The BatchTaskPredicate module collects tasks to be processed asynchronously from the thread pool and reports the results of the asynchronous predicate to the thread pool: Successful or failed. The specific code is as follows:

/ * * * @ filename: BatchTaskPredicate. Java * * Newland Co., Ltd. All rights reserved. @ Description: * * * batch asynchronous tasks submitted to perform a task modules @ the author tangjie * @ version 1.0 * * / package newlandframework. Batchtask; import java.util.concurrent.ExecutorService; import java.util.concurrent.Future; import java.util.concurrent.TimeUnit; import org.apache.commons.collections.Predicate; import newlandframework.batchtask.model.HlrBusinessEvent; import newlandframework.batchtask.model.HlrBusinessEventTask; import newlandframework.batchtask.model.NotifyUsers; public class BatchTaskPredicate implements Predicate { private ExecutorService excutor = null; public BatchTaskPredicate(ExecutorService excutor) { this.excutor = excutor; } public boolean evaluate(Object object) { if (object instanceof NotifyUsers) { NotifyUsers users = (NotifyUsers) object; Future<Integer> future = excutor.submit(new HlrBusinessEventTask(users)); Try {// Set timeout for 5s Integer result = future.get(5, timeunit.seconds); return result.intValue() == HlrBusinessEvent.TASKSUCC; } catch (Exception e) {// Try to cancel the execution of future.cancel(true) for this task if it fails; e.printStackTrace(); return false; } } else { return false; }}}Copy the code

Finally, we notify users of the batch task management class NotifyUsersBatchTask, which is constructed to batch load data objects from multiple data sources by specifying a database connection pool.

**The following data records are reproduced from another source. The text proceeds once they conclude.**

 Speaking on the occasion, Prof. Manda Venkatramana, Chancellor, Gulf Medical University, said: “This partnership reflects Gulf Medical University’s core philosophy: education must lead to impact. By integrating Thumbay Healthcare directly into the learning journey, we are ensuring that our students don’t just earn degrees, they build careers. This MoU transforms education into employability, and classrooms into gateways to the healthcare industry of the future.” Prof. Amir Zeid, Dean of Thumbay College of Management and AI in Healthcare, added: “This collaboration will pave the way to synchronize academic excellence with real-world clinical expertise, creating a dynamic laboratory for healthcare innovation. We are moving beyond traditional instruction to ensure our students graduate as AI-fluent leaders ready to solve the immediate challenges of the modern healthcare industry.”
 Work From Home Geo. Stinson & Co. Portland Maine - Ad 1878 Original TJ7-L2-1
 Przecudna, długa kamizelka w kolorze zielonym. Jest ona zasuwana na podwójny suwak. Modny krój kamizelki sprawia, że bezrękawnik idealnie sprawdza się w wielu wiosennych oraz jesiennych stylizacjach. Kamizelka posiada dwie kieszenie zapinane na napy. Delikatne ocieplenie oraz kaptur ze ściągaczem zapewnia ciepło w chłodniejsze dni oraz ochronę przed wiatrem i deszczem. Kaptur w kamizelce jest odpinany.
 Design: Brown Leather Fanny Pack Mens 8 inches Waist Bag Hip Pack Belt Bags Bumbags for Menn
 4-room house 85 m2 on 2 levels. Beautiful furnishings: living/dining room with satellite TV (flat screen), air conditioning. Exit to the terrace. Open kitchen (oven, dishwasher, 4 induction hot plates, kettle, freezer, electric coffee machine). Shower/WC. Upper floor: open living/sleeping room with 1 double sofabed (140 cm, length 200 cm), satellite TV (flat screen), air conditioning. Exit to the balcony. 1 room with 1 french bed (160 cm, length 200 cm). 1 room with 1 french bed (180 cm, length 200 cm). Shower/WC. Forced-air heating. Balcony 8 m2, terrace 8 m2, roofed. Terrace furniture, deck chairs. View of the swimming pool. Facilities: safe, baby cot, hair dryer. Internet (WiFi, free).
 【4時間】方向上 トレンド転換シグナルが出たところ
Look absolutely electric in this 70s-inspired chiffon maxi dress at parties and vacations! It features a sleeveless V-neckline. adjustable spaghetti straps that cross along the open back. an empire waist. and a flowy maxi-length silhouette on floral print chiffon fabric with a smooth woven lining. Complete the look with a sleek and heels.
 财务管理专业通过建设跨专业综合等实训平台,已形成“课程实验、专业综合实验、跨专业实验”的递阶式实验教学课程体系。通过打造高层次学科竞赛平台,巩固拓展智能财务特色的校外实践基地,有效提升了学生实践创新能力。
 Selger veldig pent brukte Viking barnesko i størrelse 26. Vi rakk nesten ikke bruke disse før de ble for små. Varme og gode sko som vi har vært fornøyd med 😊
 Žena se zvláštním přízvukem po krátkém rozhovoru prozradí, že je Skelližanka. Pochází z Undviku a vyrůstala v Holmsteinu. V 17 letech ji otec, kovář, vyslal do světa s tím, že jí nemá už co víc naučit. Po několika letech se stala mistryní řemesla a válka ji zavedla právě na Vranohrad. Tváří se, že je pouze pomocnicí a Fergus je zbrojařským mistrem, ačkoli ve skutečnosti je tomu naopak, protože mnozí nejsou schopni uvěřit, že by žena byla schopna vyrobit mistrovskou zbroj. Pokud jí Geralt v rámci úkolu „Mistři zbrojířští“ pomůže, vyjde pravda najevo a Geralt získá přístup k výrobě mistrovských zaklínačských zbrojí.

Here we assume that the notify_Users table corresponding to CMS/CCS data sources is loaded in parallel, and its spring configuration batchtask-multidb.xml is as follows:

<? The XML version = "1.0" encoding = "utf-8"? > <beans xmlns="http://www.springframework.org/schema/beans" xmlns:xsi="http://www.w3.org/2001/XMLSchema-instance" xsi:schemaLocation="http://www.springframework.org/schema/beans http://www.springframework.org/schema/beans/spring-beans.xsd"> <bean class="org.springframework.beans.factory.config.PropertyPlaceholderConfigurer"> <property name="locations"> <list> <value>newlandframework/batchtask/jdbc-cms.properties</value> <value>newlandframework/batchtask/jdbc-ccs.properties</value> </list> </property> </bean> <bean id="dtSource-cms" destroy-method="close" class="org.apache.commons.dbcp.BasicDataSource"> <property name="driverClassName" value="${jdbc.cms.driverClassName}"/> <property name="url" value="${jdbc.cms.url}"/> <property name="username" value="${jdbc.cms.username}"/> <property name="password" value="${jdbc.cms.password}"/> </bean> <bean id="dtSource-ccs" destroy-method="close" class="org.apache.commons.dbcp.BasicDataSource"> <property name="driverClassName" value="${jdbc.ccs.driverClassName}"/> <property name="url" value="${jdbc.ccs.url}"/> <property name="username" value="${jdbc.ccs.username}"/> <property name="password" value="${jdbc.ccs.password}"/> </bean> <bean id="notifyUsers" class="newlandframework.batchtask.NotifyUsersBatchTask"> <constructor-arg name="dataSource"> <list> <ref bean="dtSource-ccs"/> <ref bean="dtSource-cms"/> </list> </constructor-arg> </bean> </beans>Copy the code

Let’s implement a monitoring module for the completion of thread pool batch processing tasks through JMX. Start by defining an MBean interface that returns the count result based on the name of the counter.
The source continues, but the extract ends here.